# Tamron 150-600 + Kenko 1.4 TC + 5dmkIII



## guidoz (May 23, 2014)

I just bought a Tamron 150-600 and for the pure sake of getting mad with mms I wanted to try it with a TC. I already own a Kenko pro 300 DGX 1.4, and I had seen on the web already somebody using this lens with this TC, but to my great disappointment I get "Err 01" message on my 5d Mark III when I try this combination. 
It seems to only work in LV mode... which might be enough for some experiments anyway (usual boring stuff like the moon or whatever I feel like to try playing with many mms). 

I'm quite sure I had seen somebody using the 3 things together before, so what can it be? any camera settings that might affect this? Any little trick to make it work? Unlucky "version" of one of the 3? 

On the other hand... it works on my old 50D (without AF of course)... making it possible to shoot at an equivalent focal of 1344.. wow! 

Greetings from Italy and... grazie!


----------



## FEBS (May 23, 2014)

Err01 means there is a miscommunication between body and lens.
Does this Kenko TC work on other lenses (f/5.6 or even 6.3) on your 5Diii?
Did you upgrade the firmware of your 5Diii so that f/8 AF is possible?


----------



## AlanF (May 23, 2014)

Is using the 1.4xTC better or worse on the 50D than not using it? My gut reaction, based on trying to use a TC with the 100-400, is that a TC on the 150-600mm is a waste of time, with no better resolution and much worse AF and usable only from f/11.


----------



## guidoz (May 23, 2014)

FEBS said:


> Err01 means there is a miscommunication between body and lens.
> Does this Kenko TC work on other lenses (f/5.6 or even 6.3) on your 5Diii?
> Did you upgrade the firmware of your 5Diii so that f/8 AF is possible?



yeah, I know.. 
so far I had only tried it on f/4 lenses.. 
Yes, long time ago... anyway it doesn't seem to be strictly related to that, otherwise it would just work with the AF disabled... which is not the case... 

I know quality is not going to be great (although some tests on italian site showed it wasn't bad at all), but still even just for playing around I would like to use them together and I'm trying to figure out why it seems to work for some people and not for me


----------



## Mt Spokane Photography (May 23, 2014)

AlanF said:


> Is using the 1.4xTC better or worse on the 50D than not using it? My gut reaction, based on trying to use a TC with the 100-400, is that a TC on the 150-600mm is a waste of time, with no better resolution and much worse AF and usable only from f/11.


 
I seem to recall some poor results with this lens when using TC's by other testers. The Kenko TC's seem to have a lot of issues with the 5D MK III and newer bodies.

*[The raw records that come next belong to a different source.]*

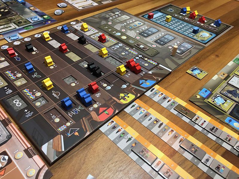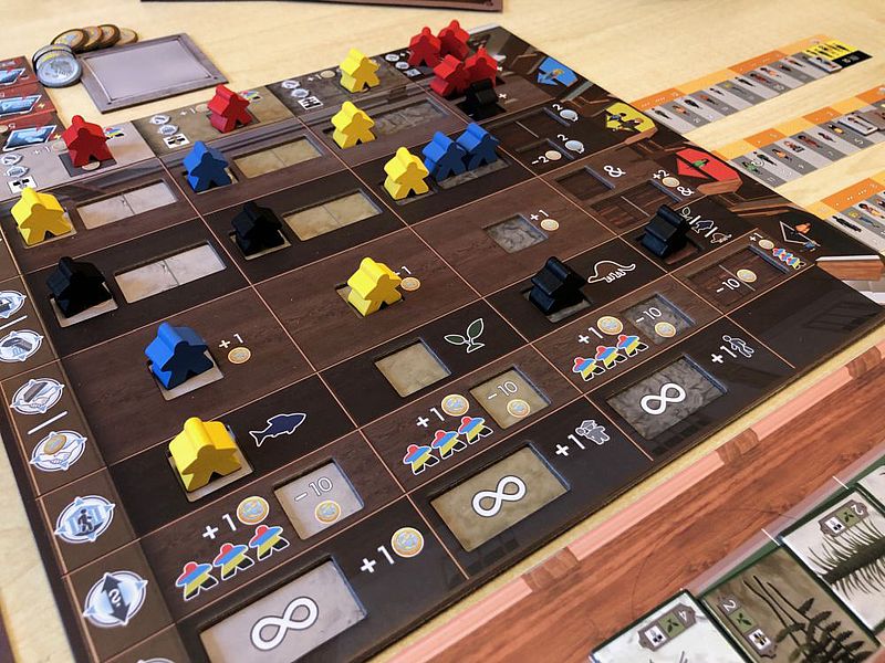 Etwas Kopfzerbrechen bereiten mir die Besucher*innenleisten. Diese sind aus meiner Sicht nicht optimal gelöst. Möglicherweise hätten kleine Führungsschienen unter dem Spielplan geholfen, damit die Leisten nicht verrutschen. Sollte es eine zweite Auflage geben, wäre hier eine Überarbeitung wünschenswert. Ähnliches gilt für den Markt: Es fehlt eine eigene Geldleiste, sodass sich zwei Reihen eine Leiste teilen müssen, was das Ganze etwas unübersichtlich macht.
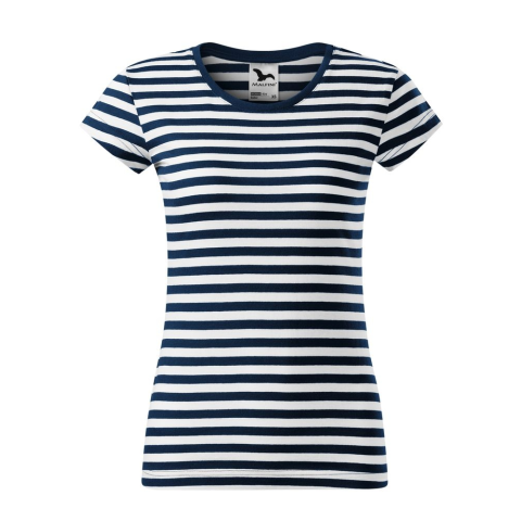 Single Jersey, 100% pamut fehér és sötétkék csíkok, íves szabású, oldalvarrással, mélyebb, kerek nyakkivágás, 1:1 bordás kötésű keskeny nyakszegély 5 % elasztánnal, hátsó nyakszegély belső oldala különböző anyagból, megerősített vállpánt, rövidített uj
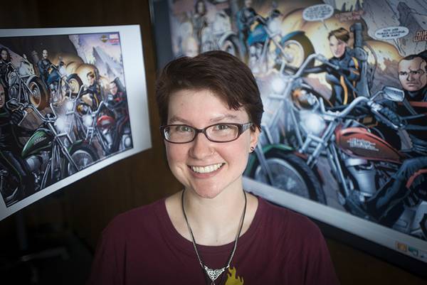 “I wanted to create a hardcore female character that was empowered on a motorcycle,” Bass said. “What’s cool about Marvel comics is that many of their female characters are complicated and realistic.”
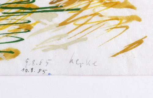 9./10.8.1985. Mischtechnik / Aquarell, mit Tusche, auf Seidenpapier. – Originale Künstlergrafik, von Gerda Lepke. – Unikat. – 36,3 x 52,2 cm (Darstellung / Blatt).
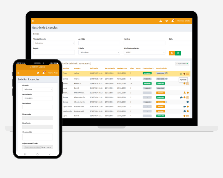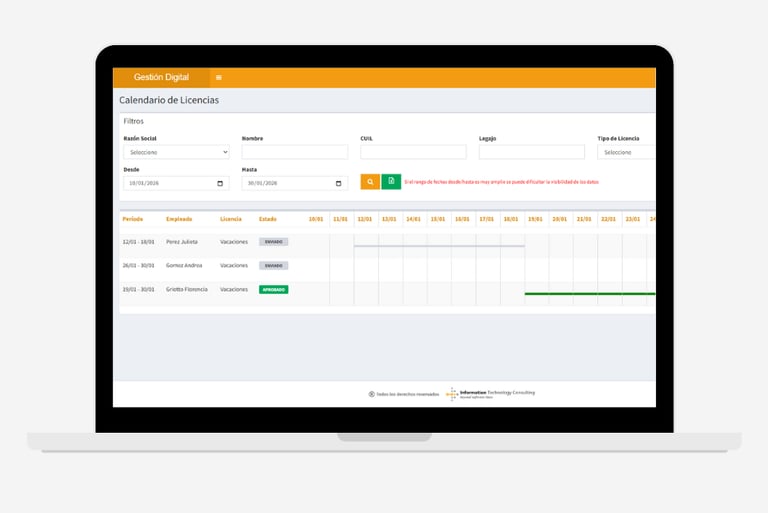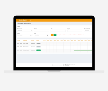 El calendario integrado te permite ver todas las solicitudes de licencias y vacaciones de un vistazo. Identificá fácilmente si hay fechas superpuestas, y tomá decisiones rápidas para garantizar la continuidad operativa.
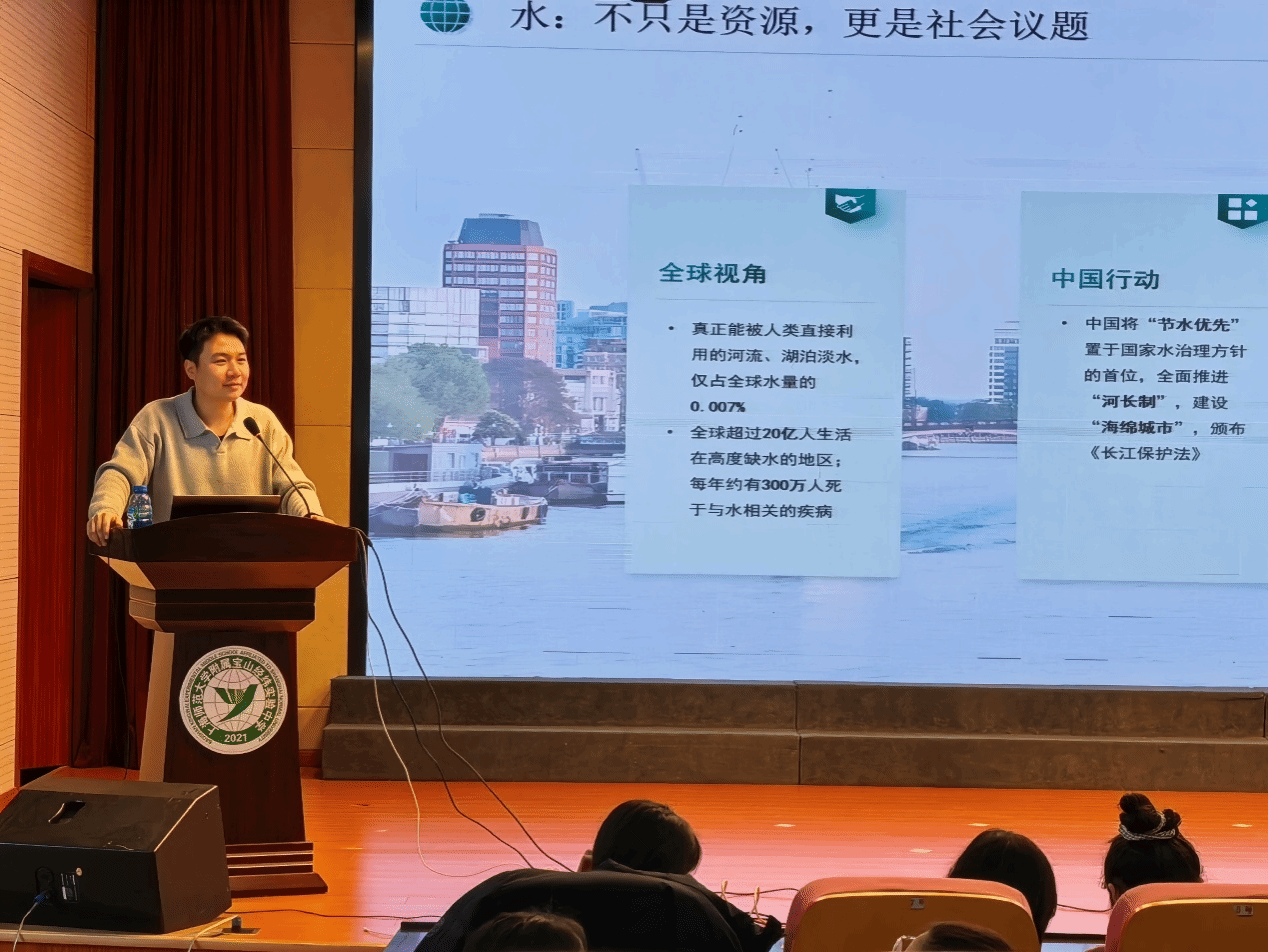 经过趣味课堂的热身,寒假实践营进入核心科学探索环节。来自上海大学环境与化学工程学院的硕士研究生许斌、叶佳辰联袂登台,带来了一场主题为“水与未来”的深度讲座,将营员们的视野从社会调研方法,进一步引向具体的科学议题。

Try disabling AFMA on the 5D Mark III, that works for the other cases I've seen.


----------



## Besisika (May 23, 2014)

I don't own it, I am just curious.
I thout the tamron is at 6.1 when at its max focal length and the 5D is limited to F8. With the kenko, you loose 1 stop. Unless you are at 5.6 5D should not work.
I am just curious.


----------



## magna42 (May 23, 2014)

I've tried that combo and a 5D Mk3 just would not catch focus, but no error msg. Works fine on my 6d though.


----------



## guidoz (May 24, 2014)

AlanF said:


> Try disabling AFMA on the 5D Mark III, that works for the other cases I've seen.


tried that but nothing... 

Anyway i've been reported it works with the Sigma 1.4 TC in case anybody was looking for such info


----------



## weixing (May 24, 2014)

Hi,
I had this on my 6D and will AF (not reliable), but the 1.4x TC is not reported (the 1.4x TC is reported when use with EF400 F5.6L).

Have a nice day.


----------